SkyFuel’s VP of business development, Christopher Huntington, compares his solar startup’s strategy to the tortoise, in the old tortoise and the hare story. He says while many young solar thermal startups are racing to rush next-generation, unproven technologies to market, SkyFuel is working on dramatically lowering […]

SkyFuel’s VP of business development, Christopher Huntington, compares his solar startup’s strategy to the tortoise, in the old tortoise and the hare story. He says while many young solar thermal startups are racing to rush next-generation, unproven technologies to market, SkyFuel is working on dramatically lowering the cost of an established solar-thermal technology that’s been used for decades: trough-shaped solar concentrators.

While most parabolic troughs are made out of glass, SkyFuel’s, called SkyTroughs, are made from the company’s own ReflecTech film material — sort of like mylar but sturdier. SkyFuel developed the material while working with the National Renewable Energy Laboratory (NREL) and the company claims it can bring down the cost of a solar system by 25 percent. On Oct. 10, at an event in Arvada, Colo., SkyFuel plans to officially announce its troughs are available for customers to purchase.

Unlike many of its competitors, Huntington says that SkyFuel will partner with power-plant builders and utilities and doesn’t plan to own any of the power plants itself. Many startups, like Ausra and BrightSource plan to build and own solar plants and sell the power from the plant in a power purchase agreement (PPA). SkyFuel doesn’t want to compete with the power plant builders: “We’re like Intel, with Intel inside powering the technology,” Huntington explains.

The approach could offer a few advantages for the company. By acting as a technology supplier, not a project developer, SkyFuels can keep its capital costs low. That could position the company favorably in today’s challenging economic climate. The company is backed by a $17 million Series B round led by Leaf Clean Energy Company announced in April, and grants from the DOE the New Mexico Energy Innovations Fund. Though SkyFuel isn’t as well-funded as competitors eSolar, Ausra and BrightSource. The company says it aims to raise another round next spring.

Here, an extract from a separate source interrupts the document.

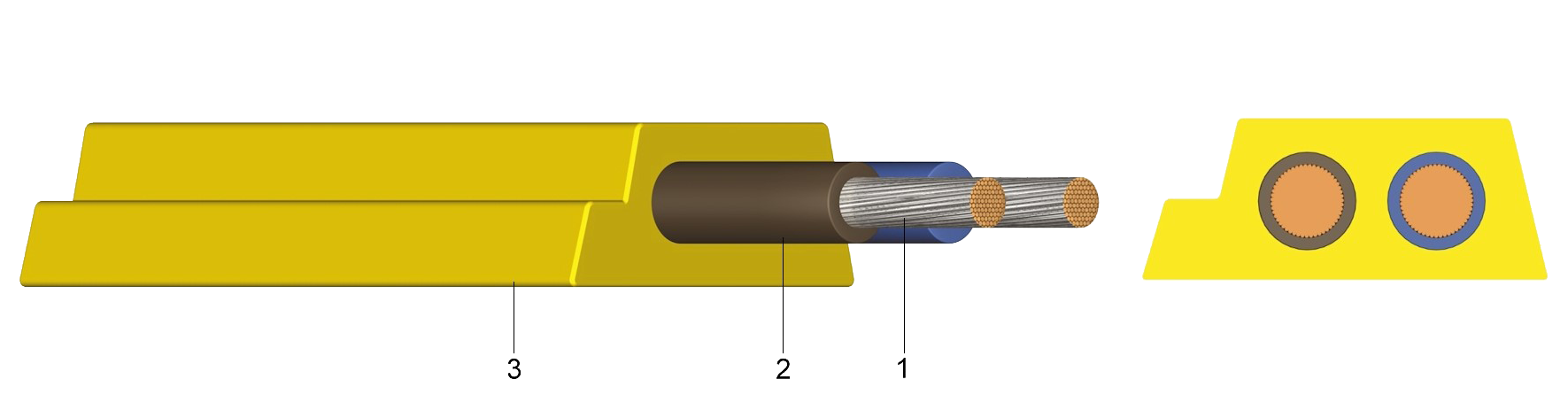 1 ..... rézvezető, ónozott, vékony elemi szálakból sodrott2 ..... érszigetelés TPE (kék és barna)

Avoiding owning and operating plants also means that the company can get its gear into more of the plants being built by independent developers, like Cogentrix Energy. Huntington says the company is in serious talks with 10 companies and drawing up plans for plants with five or six of those. Huntington hopes that by Oct. 10 the company will be able to announce at least one of those customers.

Out of more than a dozen solar-thermal companies that have emerged in the last few years, SkyFuel seems to be one of the most realistic and business savvy of the bunch. Keep costs low and supply customers with a cheaper version of a tried and true technology, while working to perfect a next-generation technology. The company doesn’t even have plans to build factories to produce its own equipment, like other startups have announced recently, and is working with longtime manufacturing companies to get its ReflecTech material made.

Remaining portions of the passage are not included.